* [Assigned task]:
The records that follow are to be given again exactly. Do not carry over any image.

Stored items
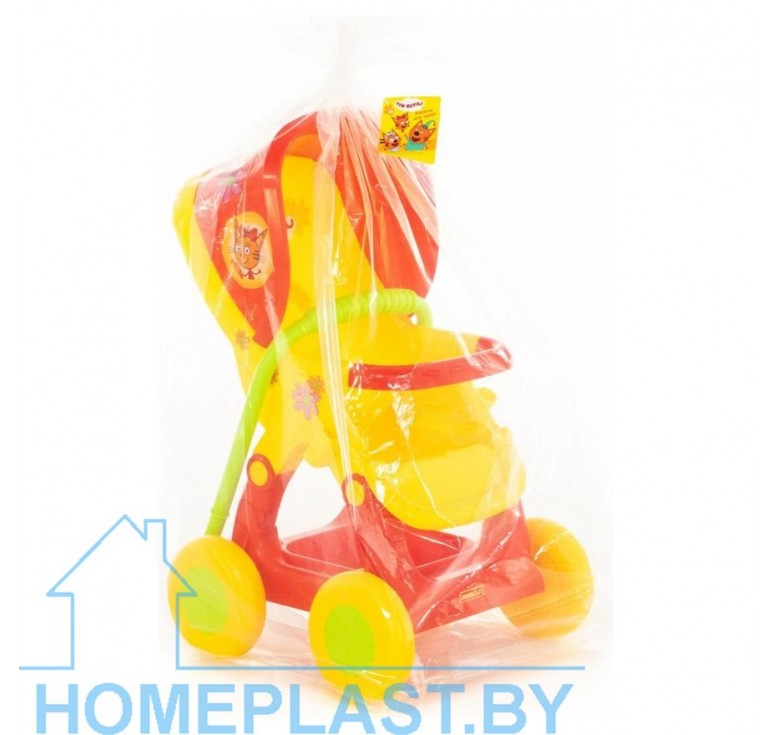 Прогулочная коляска для пупсов и кукол серии «Три кота» имеет стильный дизайн и является мини-копией оригинальной коляски. Конструкция надёжная, ведь она выполнена из качественного пластика. Под люлькой находится корзина для вещей, а сверху предусмотрен защитный козырёк. Модель украшена наклейками с изображением героев из мультфильма про весёлых котят и выполнена в жизнерадостных цветах. Коляска имеет функцию каталки, что позволяет малышке усовершенствовать навыки ходьбы.
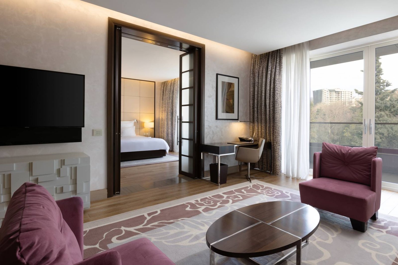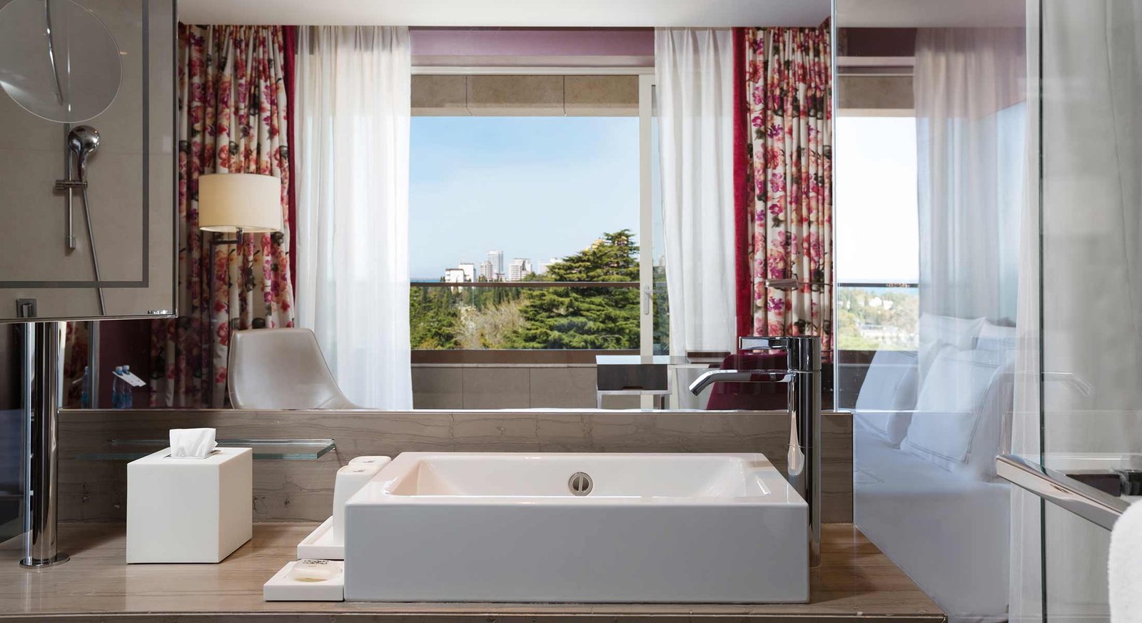 تم تصميم جناحنا الرئاسي الفاخر ليجعل لحظات حياتك الخاصة أكثر تميزًا وتخلد في الذاكرة. يضم الجناح غرفة معيشة واسعة وغرفتي نوم توفران إطلالة بانورامية رائعة على البحر الأسود ومدينة سوتشي الجميلة والحديقة المزهرة، ليمنحك تجربة إقامة تجمع بين الفخامة والهدوء في أجواء لا تُضاهى.
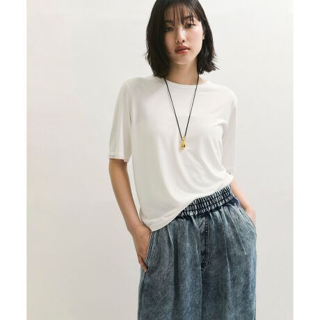 ワイドスラックスや、イージーデニム、プリントスカート等、様々なボトムに合わせやすい汎用性のあるTシャツ。
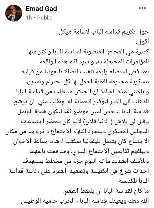 وﻻ يترك اﻷنبا إرميا مناسبة، سواء تخصنا داخل مصر أو ﻻ تخصنا إلاّ أصدر بيان باسمه بصفته رئيسًا للمركز الثقافي القبطي، وكأنه هيئة أو مؤسسة لها كيان اعتباري منفصل وﻻ تتبع كنيسة اﻹسكندرية القبطية اﻷرثوذكسية، فلا يوجد ذكر للبابا تواضروس، أو لبطريركية اﻷقباط اﻷرثوذكس كما هو متبع في مخاطبات البطريركية واﻹيبارشيات الرسمية في بياناته، ومنذ 10 أيام خرج علينا ببيان غريب غير مترابط، فقد بدأ وكأنه يتحدث في موضوع ثم نقل على موضوع آخر، فلم نفهم ماذا يريد أن يقول؟ وما علاقة أن تبدأ بالحديث عن السودان ثم في الفقرة التالية تتحدث عن نيجيريا؟
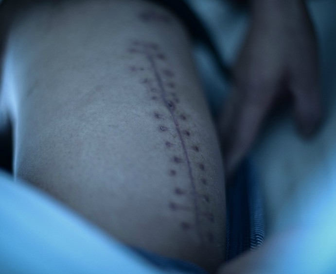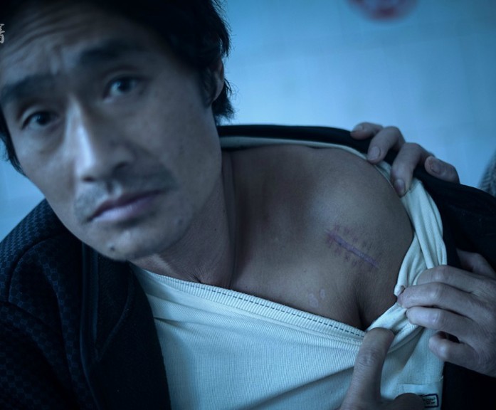 张富民大腿上的缝合线清晰可见。张富民妻子责怪他不该多管闲事,“真是帮了倒忙”。张富民则驳斥妻子,他认为自己能活下来倒是应了“好人有好报”,否则怎么砸中三个人,自己却幸免于难呢。
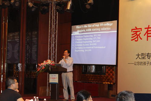 彭铁成博士作为主讲嘉宾应邀出席了活动并做了主题演讲。彭铁成博士是新航道国际教育集团副总裁、美国语言教育专家,曾在美国高校任教数十年,同时也是一个培养出美国高材生的父亲。他以自己一家人以及身边朋友、学生的留学经历为案例,就子女教育和留学规划、英语学习等话题进行现场分析与指导。
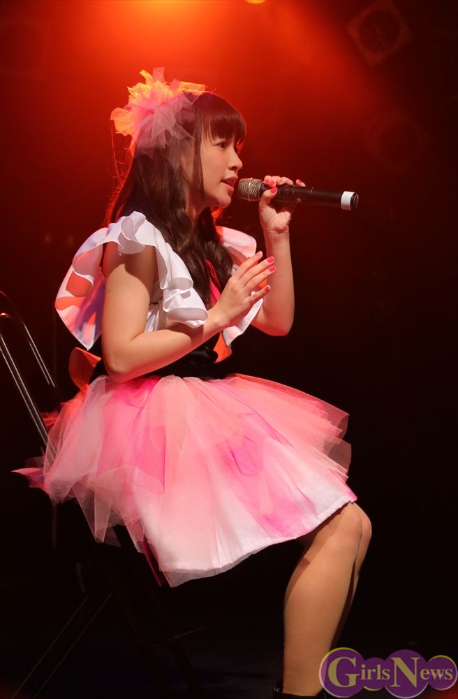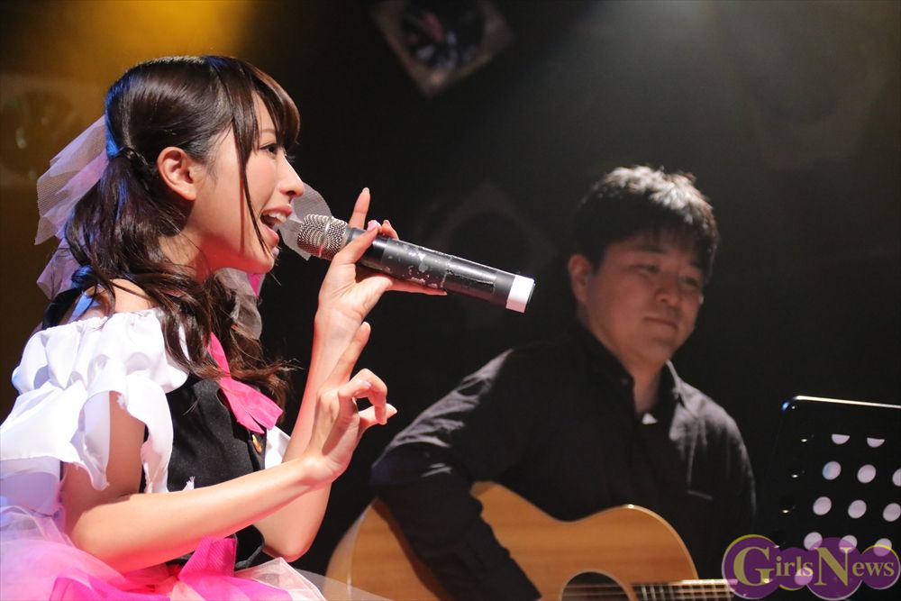 ソロ活動休止ライブ以来、久々に一人で歌う小桃音まいさんは「ソロって緊張するね~。心臓がバクバクする。自分、すごかったんだなと思いました」とそわそわした様子で話した。奥山アキラさんをアコースティックギターに迎え、小桃音さん自身のナンバー『ラグランジュ☆ポイント』を披露すると、ファンは優しく手拍子をしながら聞き入っていた。

* [Your solution]:
 Прогулочная коляска для пупсов и кукол серии «Три кота» имеет стильный дизайн и является мини-копией оригинальной коляски. Конструкция надёжная, ведь она выполнена из качественного пластика. Под люлькой находится корзина для вещей, а сверху предусмотрен защитный козырёк. Модель украшена наклейками с изображением героев из мультфильма про весёлых котят и выполнена в жизнерадостных цветах. Коляска имеет функцию каталки, что позволяет малышке усовершенствовать навыки ходьбы.
 تم تصميم جناحنا الرئاسي الفاخر ليجعل لحظات حياتك الخاصة أكثر تميزًا وتخلد في الذاكرة. يضم الجناح غرفة معيشة واسعة وغرفتي نوم توفران إطلالة بانورامية رائعة على البحر الأسود ومدينة سوتشي الجميلة والحديقة المزهرة، ليمنحك تجربة إقامة تجمع بين الفخامة والهدوء في أجواء لا تُضاهى.
 ワイドスラックスや、イージーデニム、プリントスカート等、様々なボトムに合わせやすい汎用性のあるTシャツ。
 وﻻ يترك اﻷنبا إرميا مناسبة، سواء تخصنا داخل مصر أو ﻻ تخصنا إلاّ أصدر بيان باسمه بصفته رئيسًا للمركز الثقافي القبطي، وكأنه هيئة أو مؤسسة لها كيان اعتباري منفصل وﻻ تتبع كنيسة اﻹسكندرية القبطية اﻷرثوذكسية، فلا يوجد ذكر للبابا تواضروس، أو لبطريركية اﻷقباط اﻷرثوذكس كما هو متبع في مخاطبات البطريركية واﻹيبارشيات الرسمية في بياناته، ومنذ 10 أيام خرج علينا ببيان غريب غير مترابط، فقد بدأ وكأنه يتحدث في موضوع ثم نقل على موضوع آخر، فلم نفهم ماذا يريد أن يقول؟ وما علاقة أن تبدأ بالحديث عن السودان ثم في الفقرة التالية تتحدث عن نيجيريا؟
 张富民大腿上的缝合线清晰可见。张富民妻子责怪他不该多管闲事,“真是帮了倒忙”。张富民则驳斥妻子,他认为自己能活下来倒是应了“好人有好报”,否则怎么砸中三个人,自己却幸免于难呢。
 彭铁成博士作为主讲嘉宾应邀出席了活动并做了主题演讲。彭铁成博士是新航道国际教育集团副总裁、美国语言教育专家,曾在美国高校任教数十年,同时也是一个培养出美国高材生的父亲。他以自己一家人以及身边朋友、学生的留学经历为案例,就子女教育和留学规划、英语学习等话题进行现场分析与指导。
 ソロ活動休止ライブ以来、久々に一人で歌う小桃音まいさんは「ソロって緊張するね~。心臓がバクバクする。自分、すごかったんだなと思いました」とそわそわした様子で話した。奥山アキラさんをアコースティックギターに迎え、小桃音さん自身のナンバー『ラグランジュ☆ポイント』を披露すると、ファンは優しく手拍子をしながら聞き入っていた。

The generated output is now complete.